Glenn Gould: Not Bach, but Bergmain
Another reminiscence from Daniel Poulin:
On this anniversary date of Glenn Gould’d birth it seems appropriate to celebrate the work he most often played in concert during his public career. Surprisingly it is not Bach’s Goldberg Variations -he played them no less that 24 times in concert; it is rather Alban Berg’s Op.1, his Piano Sonata. We know of at least 36 different occasions where he performed it, including during his famous Russian tour.

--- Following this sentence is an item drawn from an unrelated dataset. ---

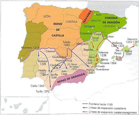 A partir de la victoria en la Batalla de Navas de Tolosa, el avance crsitiano finalmente pudo pasar a través de Valencia y del Guadalquivir. Se fueron tomando todos los territorios hasta quedar únicamente el reino de Granada, hasta 1492

An anecdote worth repeating: on October 19/1953 in Peterborough Ontario he offered a recital featuring Bach (Fifth Partita), Beethoven (Sonata Op.110) and the Berg piano sonata. Now, in 1953 the music of the Second Viennese School (Berg, Schoenberg Webern) was quite new territory for most audiences in North America. In order to prepare the public for what it was about to hear, Gould gave a little speech -with much enthusiasm- explaining the nature and quality of the work he was to play next. After performing the Sonata he got a standing ovation with sustained loud applause. “Well, since you seemed to have liked it so much, I will play it again for you”, said a very happy Gould. Needless to say, the reaction after the repeat performance was quite subdued, the applause very polite. Everybody was afraid he would play it a third time.
Glenn Gould’s relationship with Alban Berg’s Piano Sonata is often overlooked. Indeed, he recorded the work eight times between 1952 and 1974 in a variety of circumstances: live and studio recordings, radio and television broadcasts, and a documentary.